We specialize in developing a cutting-edge search and discovery platform, encompassing search, autocomplete, browse, and recommendations, tailored specifically for online retailers, suppliers, and shops. Our goal is to provide all online stores with ability to have state-of-the-art discovery powered with AI and modern technologies, that optimize for the key e-commerce metrics, which differentiates us from our competitors.
Boasting a robust infrastructure, we handle billions of requests daily and manage a vast data ecosystem, including ~400 GB of data intake daily and approximately 2PB stored in our data lake.
The Data Platform is the central piece and the foundation of the data processing at Constructor. It is the set of tools and infrastructure that every data person uses in our company daily + it's used by some of our public-facing API to fetch data from. It is responsible for data landing from external clients (API), providing external visualization tools with data (Cube.js, ClickHouse), stores data in appropriate formats (S3, ClickHouse, Delta, Parquet), data processing (Python, Spark/Databricks, ClickHouse, AWS Athena, AWS Lambda), monitoring (Prometheus, PagerDuty, Sentry, custom internal APIs with FastAPI), automated testing of pipelines and data quality, cost observability, optimizations and many more things.

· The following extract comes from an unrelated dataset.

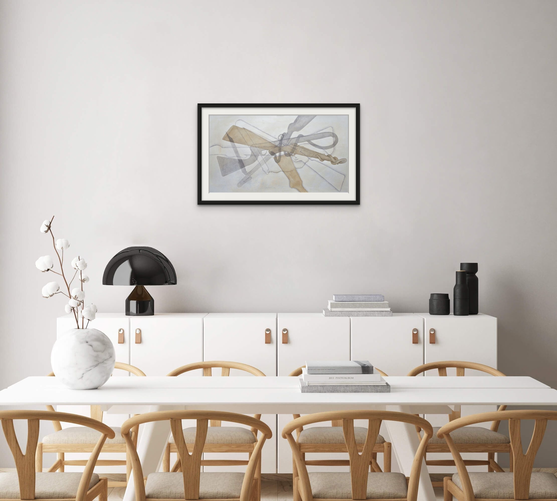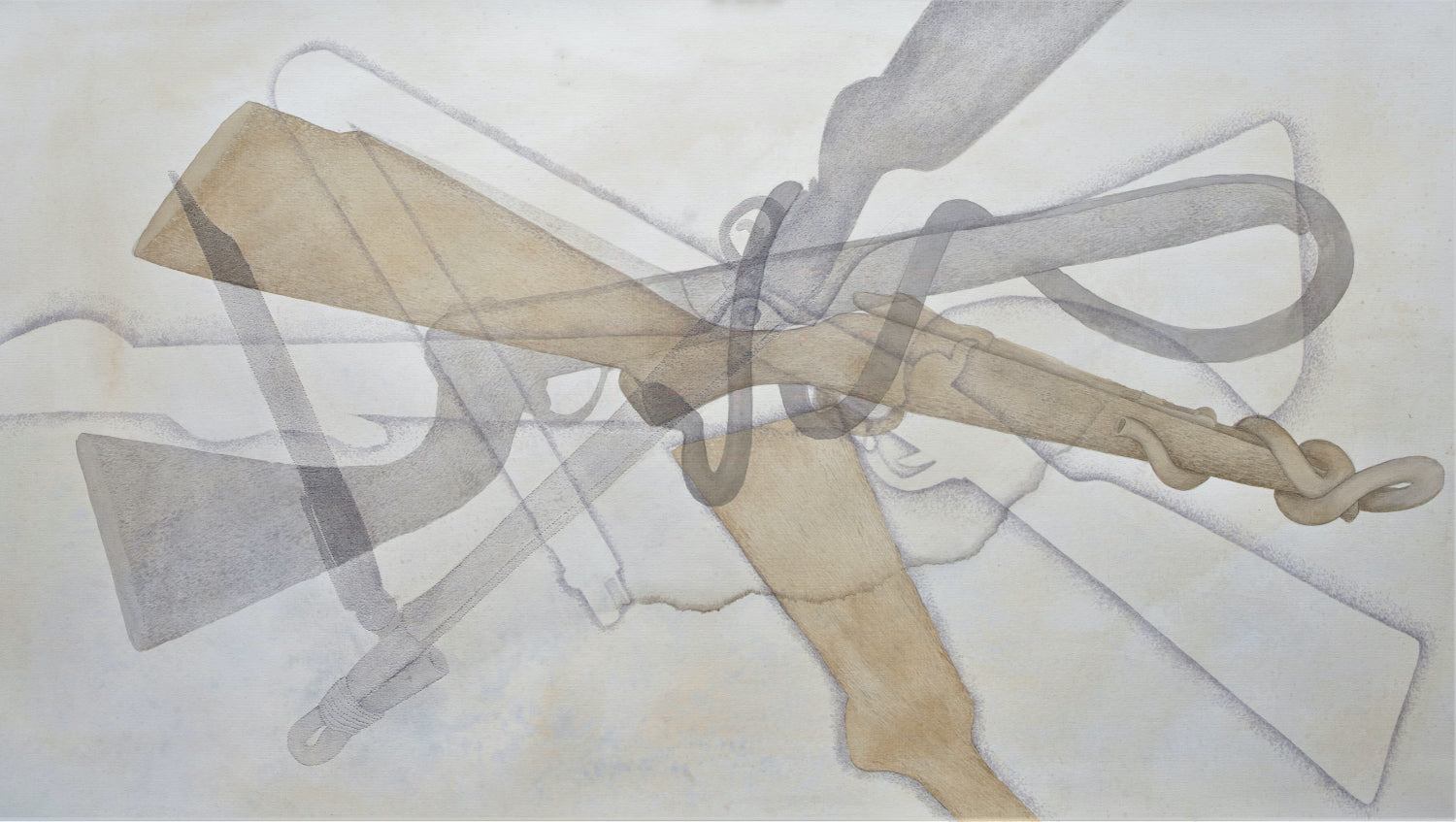 Kausar Iqbal's Gun Series paintings explore the presence of violence within society. Using guns as a motif, the artist either hides the component in plain sight or covertly to represent the cultural mechanisms of society. Kausar describes his work as a "realistic visualisation of the truth," commenting on his "traditional background and featuring the practice of arms and ammunition with its negative impacts."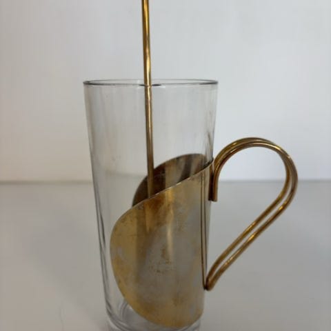 Et solidt vintage kaffemål lavet af metal. Målet har en rund, dyb skål for enden og et ergonomisk håndtag til nem brug. Den har et antikt look og kan bruges til at måle kaffe eller andre tørre ingredienser. Størrelsen af målet er 14,5x3 cm.

We're hiring a Senior Data Engineer to work on our Data Platform. You'll be working in a team of engineers that both own, manage and develop cloud infrastructure that powers the platform and develop data pipelines, cubes, services and other tools that make it work. Tens of engineers, top management and external users will depend on your work.
We're looking for a senior engineer with at least 4 years of experience who has solid skills in any programming language (ideally Python), big data engineering, web services, cloud providers (ideally AWS), and is willing to build many diverse things to develop the platform.
You will work on building various data platform components with us, listening to user feedback, and proactively changing things for the better. Here're some of the projects you may be involved with:
* Implement a data model for our tables (bronze, silver, gold) to incapsulate parsing logic, lower the costs and provide better abstractions
* Power our recommendation system with a fast, global data store.
* Create a framework or service that regularly checks the data integrity and quality.
* Improve the build system in our repositories to speed up test execution, job deployment and thus improving the developers productivity
* Optimize Spark pipelines, ClickHouse tables/queries, and streaming processing in AWS Lambda.